# How to take off a halter under the bridle!!



## mom2pride (May 5, 2009)

Why don't you teach your horse to be bridled with the halter or lead around his neck instead?


----------



## usandpets (Jan 1, 2011)

^^That's what we do. Undo the pole strap, let the halter fall off the muzzle, and bring it back to the neck and redo the pole strap. This can be done in seconds before the horse moves away. If that fails, loop a lead rope around their neck before taking the halter off.
_Posted via Mobile Device_


----------



## WesternBella (Jan 7, 2012)

My horse has problems with his ears due to him being abused at an earlier time in his life. I was taught to put the halter around the horse's neck but it's almost impossible to get the bridle on without one..it does bother me when people leave the halter on without a reason..it really is quite easy when you don't have a horse that swings its head.
_Posted via Mobile Device_


----------



## iloverains (Apr 1, 2011)

Not a problem, was a little tricky to understand 

and mom2pride and usandpets - I would agree, but I have had some 'trouble' horses, ones that don't want the bit in and ones afraid of their ears being touched. Leaving the halter on just gives you a little more control. 

Especially when it's a 'know it all' young stallion that thinks his hot stuff and wants the mares over in the back paddock that does not want the bit in


----------



## WesternBella (Jan 7, 2012)

LOL! I know the type.. I feel bad for him because it's mostly a fear but now I'm just so fed up with it..he gets me worked up haha
_Posted via Mobile Device_


----------



## usandpets (Jan 1, 2011)

On those type of horses, ones with problems/lack of training, wouldn't it be better to leave it on? Wouldn't you have the same problem taking the bridle off and putting the halter back on?
_Posted via Mobile Device_


----------



## WesternBella (Jan 7, 2012)

It's not something I will do everytime but it is definitely something helpful for when I do shows or ride with other people..I am doing a photoshoot type thing so it will be helpful then 

And as for getting it back on, my horse is better with that because I don't have to touch his ears to do so.
_Posted via Mobile Device_


----------



## usandpets (Jan 1, 2011)

WesternBella said:


> My horse has problems with his ears due to him being abused at an earlier time in his life. I was taught to put the halter around the horse's neck but it's almost impossible to get the bridle on without one..it does bother me when people leave the halter on without a reason..it really is quite easy when you don't have a horse that swings its head.
> _Posted via Mobile Device_


Why not desensitize his ears to being touched and teach him to lower and give you his head to be bridled? 
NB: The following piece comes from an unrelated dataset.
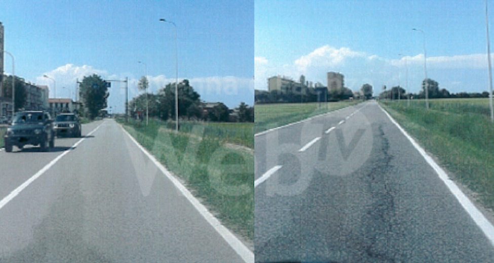 Va anche detto che il tratto extraurbano di via Romea Sud è composto da un’unica carreggiata, larga poco più di sei metri, con una corsia di marcia per entrambe le direzioni, divise da una semplice striscia di vernice, con una banchina asfaltata di 10-20 centimetri praticamente inesistente ed un manto stradale adiacente a fossati di non trascurabile profondità, che mostra crepe e deformazioni dell’asfalto. Intorno a Ravenna esistono strade extraurbane con due corsia per ciascuna delle due direzioni di marcia, separate da un new jersey, in cui il limite massimo di velocità è di 50 km/h. Incomprensibile dunque come, nel tratto extraurbano di via Romea Sud che ne precede l’ingresso in città, sia mantenuto, senza alcuna protezione e in condizioni assai più fragili, il limite dei 90.
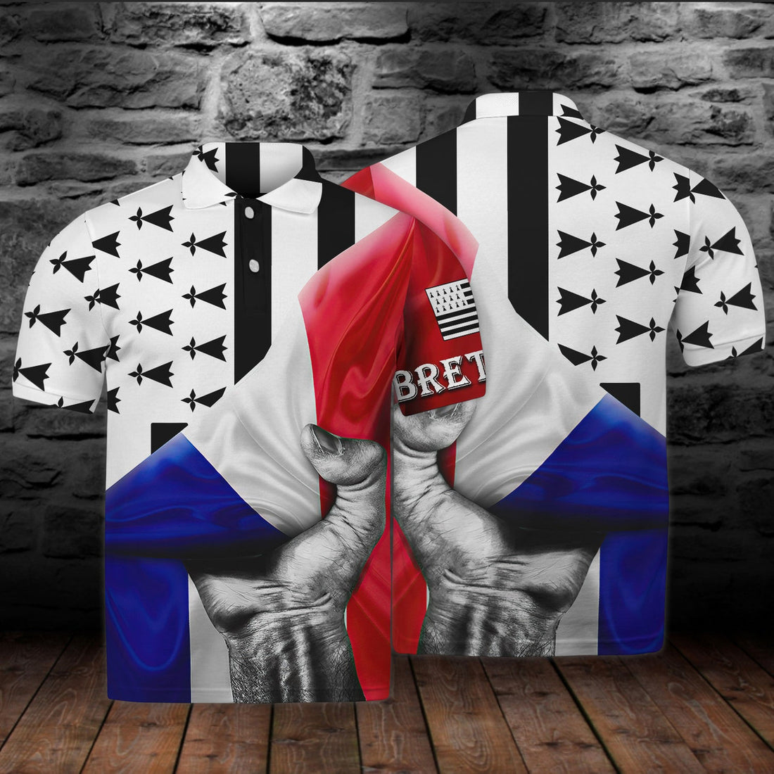 FUNSTUFFPRINT Brittany Celtic Polo Shirt Size S-5XL

Just sounds like a way to work around their problems than fixing them.
_Posted via Mobile Device_


----------



## tinyliny (Oct 31, 2009)

that link does not work for me.

I have seen people take off rope halters AFTER the bridle is totally on (except for the noseband tightend)

Like this:

put rope halter on normal way.
put bridle on right over it, even putting bit into horse's mouth.
undo rope halter from the top , as normal. 
let it drop down. The bit will prevent you from being able to take it off.
take the nose portion down below the nose/lips and lift it up INTO the horse's mouth and up and over the bit, which is also inside the mouth. It will come out the other side, the side of the mouth which is part of the lower jaw. Hores will kind of spit it out. 
Now you can pull the whole thing away from his head
Voila!

This is one of the Parelli excersizes. I think it's a lot of bother, but it does teach the horse to accept you putting your hands and all kinds of things into his mouth.


----------



## WesternBella (Jan 7, 2012)

Yes, that is how you do it tinyliny ) sorry about the link though.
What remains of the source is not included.